When do you hire? When you need it.
But know this: your first hires will probably be hit or miss — Swiss army knives often break in battle, yet broadswords are rubbish at opening wine. Knowing which one to hire when is far more art than science.
At the early stage, you’ll be broadly looking at three types of teams, with all very different types of people, and different needs.
Ops/People who can take on the random hats you’ve been wearing up until now. The common denominator: you want people who are comfortable with ambiguity. But also, you want people you can trust. This is very hard, and it changes a lot. So the more you can find people from a background you understand, and the more you can specify what their role will be, the more likely you’ll get the person you want.
Where to find staff
Tap into your network: Referrals are the best start. Investors, advisors, mentors: They can introduce you to potential candidates or refer you to their own networks. If they’re well known, leverage their reputation and connections to establish credibility with potential employees. But be careful: I strongly recommend establishing salary expectations upfront. Employee referral programs: This has been how I’ve found most of my staff. Build in public: Get that voice out there, and people are more likely to come to you. Alumni networks and universities: Engage with your own alma mater or other universities' alumni networks. Reach out to professors, career centres, or alumni associations to identify potential candidates who are interested in joining early-stage startups. Internships are also excellent talent pipelines. You never know who will dazzle you. Engage with startup communities: At least you know people are interested.
The next thing you need to remember is that the best hire is different at different stages.
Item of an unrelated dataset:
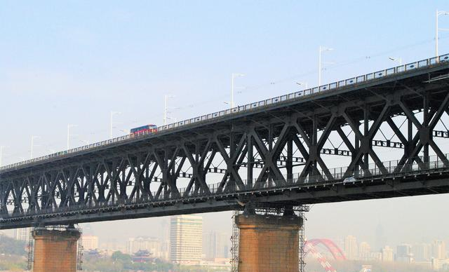 武汉长江大桥,每天过多少量火车和汽车呢?2018年6月14日这一天,单日通行车流量10万多辆,还有300多列火车车次。武汉长江大桥,采用管柱钻孔法,在当时,完成了世界上最新的深水筑墩管桩钻孔法。2013年,武汉长江大桥成为全国重点文物保护单位。

Given this is a guide for early-stage folk, right now you probably want to maximise for breadth rather than depth. Get the Swiss Army knife. But remember, they will possibly hit limits when you grow, and that is your fault, not theirs. Different times need different types. You will need to help people adapt.
Claire Hughes Johnson called this “scaling to the call”—meaning that as a company grows, the individuals within it are called to lead in larger and more complex roles. Even if a person’s job hasn’t changed, the scope of it has, and the individual must ‘scale to the call’ to maintain their performance and produce results.
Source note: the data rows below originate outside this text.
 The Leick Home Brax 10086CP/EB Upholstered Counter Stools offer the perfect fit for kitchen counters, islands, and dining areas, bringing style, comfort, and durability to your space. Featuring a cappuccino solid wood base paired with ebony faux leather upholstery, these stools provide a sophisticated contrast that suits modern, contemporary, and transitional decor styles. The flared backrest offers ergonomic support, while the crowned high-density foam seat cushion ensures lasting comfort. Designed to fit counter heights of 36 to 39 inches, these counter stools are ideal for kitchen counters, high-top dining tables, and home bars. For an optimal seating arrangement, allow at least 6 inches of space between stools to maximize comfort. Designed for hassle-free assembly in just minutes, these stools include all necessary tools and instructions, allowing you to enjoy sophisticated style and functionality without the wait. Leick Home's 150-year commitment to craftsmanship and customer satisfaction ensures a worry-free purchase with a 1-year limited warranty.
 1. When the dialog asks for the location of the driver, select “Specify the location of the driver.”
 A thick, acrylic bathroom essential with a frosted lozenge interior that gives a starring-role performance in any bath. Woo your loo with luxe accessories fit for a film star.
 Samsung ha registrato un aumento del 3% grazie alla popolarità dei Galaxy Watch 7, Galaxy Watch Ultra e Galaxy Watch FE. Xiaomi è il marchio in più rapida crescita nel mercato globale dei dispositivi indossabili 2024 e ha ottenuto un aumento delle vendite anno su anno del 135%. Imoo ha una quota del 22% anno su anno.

This sounds great. For the founder, it’s not always so good — because it is hard to put yourself in the shoes of the person who has just had their job changed on them again. My line is that if you scale, expect them to call ... you out. That’s a good thing when people do. Always better to have the bullets coming from the front rather than the back. And more importantly, it reminds you that with people, we as founders can always do better.
Assessing candidates
Ok, you’ve got folk from your list above. What next? Start with the basics — make a job description you’re happy with. Usefully, LLMs are excellent at writing these. Just plug in some basic biographical information about your company and your answers to the following questions:
What is the work to be done? How much are we willing to pay for that? What does “great 🤩” look like? How will we assess people against that benchmark? Then put in salary and where you want them to work, and you’re ready to go.
How to see if they are good at their job or not is a much harder question. (Note: I will dwell on the tech answer to this with more detail in the next chapter because it is a bit different).
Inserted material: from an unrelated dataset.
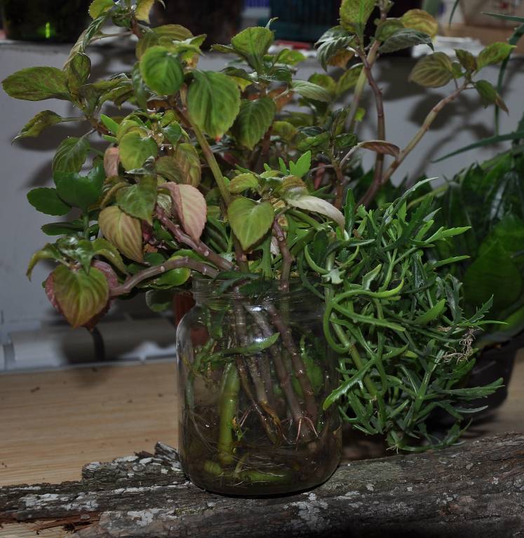 Черенки с корнями (в воде) и в земле, укоренённые, молодые и не очень росточки.

For me, what I look for is some sort of outperformance on something (ie: given X, you seem much better at Y than I would expect). The other thing I look for is that people are broad — ie, they’ve been able to jump around different things.
Note, as per above, this is all very dependent on the phase of your company. Early stage companies need breadth. As you grow, you’ll need more depth. Knowing when to shift is probably going to be a challenge for latter stages; the exception to this is your tech stack. I will write more on this in the next chapter, I promise!
Interviewing for cultural fit
Ok, so you have a rock star. Now, how will they fit in?
Judging this is much more art than science. But something that helps is not to use the interview process to figure out who you want. Start with a hypothesis (i.e., your job description document, see above).
Then cultural fit. If you feel like someone will learn fast and act as part of the team, then usually things can be pivoted.
The best interviews suss out how someone:
Gets quality work done themselves Motivates and develops themselves Has or can develop the expertise needed for the role Demonstrates leadership and resilience Here, the trick is to not get too abstract. Rather, think about how these values fit into what you are trying to make. There’s a Pablo Picasso quote they like to repeat at Stripe:
“When art critics get together, they talk about Form and Structure and Meaning. When painters get together, they talk about where you can buy cheap turpentine 🎨.”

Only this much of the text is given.